Abstract
With an ever-increasing amount of available data, scalability problems are much
more of a concern than they were 20 years ago, and climate change issues urges
for greener computing. In bioinformatics, a few methods have become de-facto
standards to approach specific issues such as gene-calling, multiple sequence
alignment, or protein domain annotation. These tools are now the basis of numerous
annotation pipelines that are executed thousands of time daily. Academia however
favors scientific novelty over efficiency, and C or C++ code is more than
enough to be categorized as high-performance software.

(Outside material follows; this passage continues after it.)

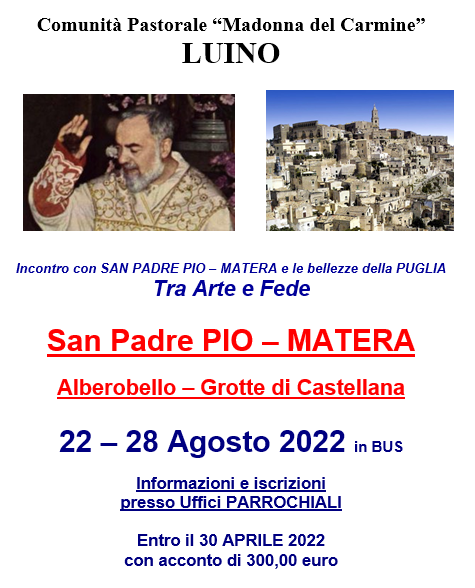 Viaggio tra arte e fede (Padre Pio, Matera, Puglia) – Agosto 2022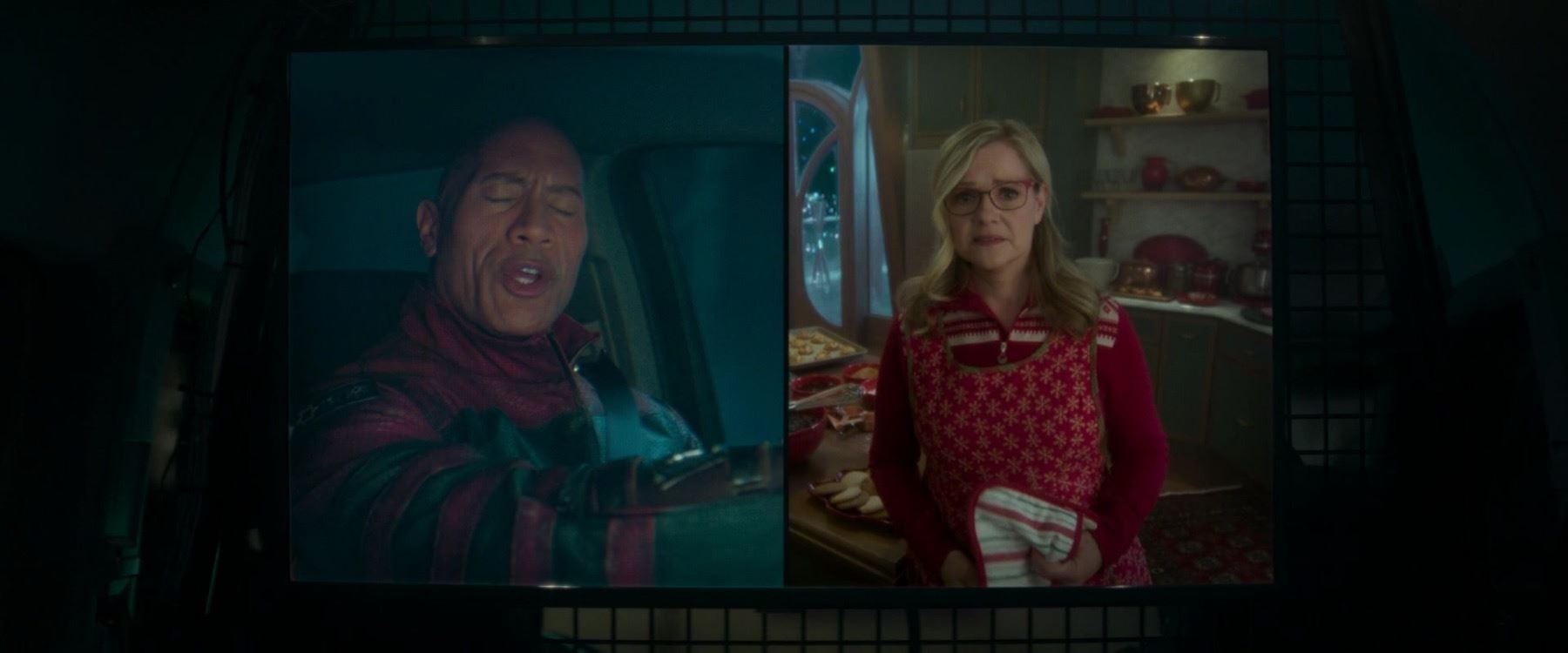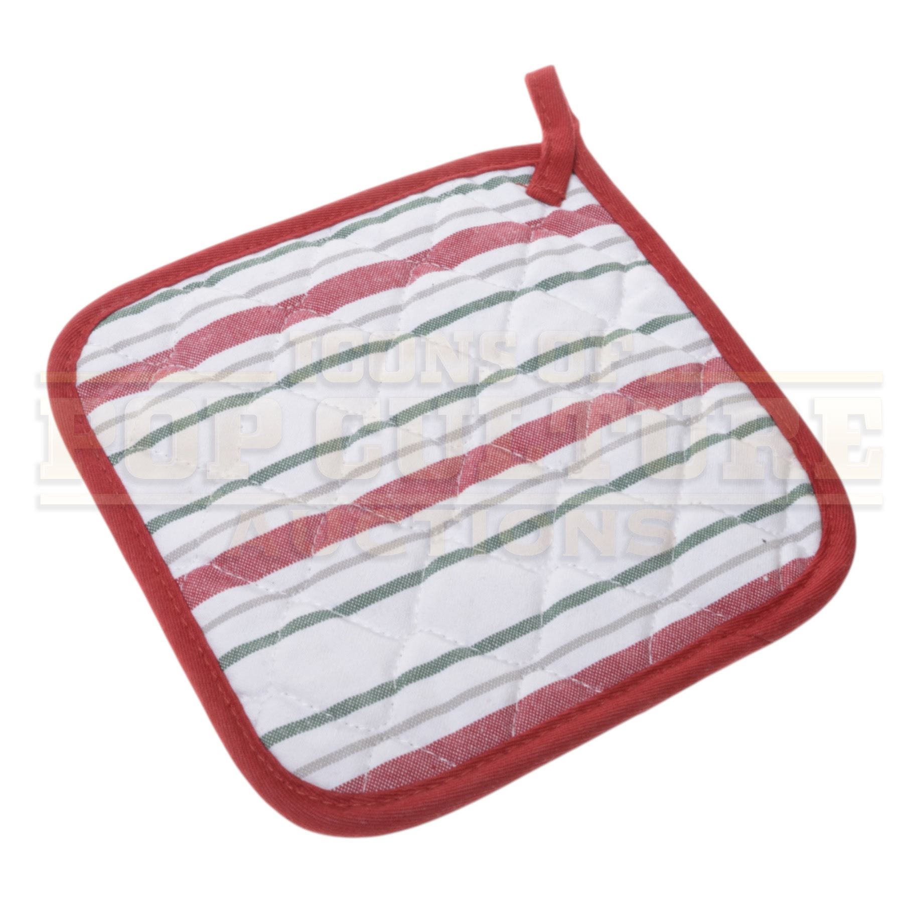 This festive red, white, and green striped pot holder was used on screen by Bonnie Hunt as Mrs. Claus in the 2024 Amazon Studios holiday action-comedy Red One, starring Dwayne Johnson and Chris Evans.

In this work, we use profiling to identify critical parts of established
bioinformatics methods. We then employ several optimization techniques to
make these tools more efficient. We show how inlining a few functions halve
the runtime of the PRANK aligner;
how caching alignment matrices used by trimAl
reduce the runtime 10-fold; how SIMD speeds up the gene scoring step of
Prodigal; and how parallel hashing in
FastANI increases the efficiency on
multi-core machines.
The goal of this software engineering experiment is to introduce some efficient
programming habits to the community, and to change the perspective about
ubiquitous software we use brainlessly in our pipelines. More practically, we
provide several of these patches as Python packages to
be used as drop-in replacements for the originals. As a perspective, we
present some general figures about the energetic cost of computing, and
how much CO2 can be saved with the aforementioned optimizations.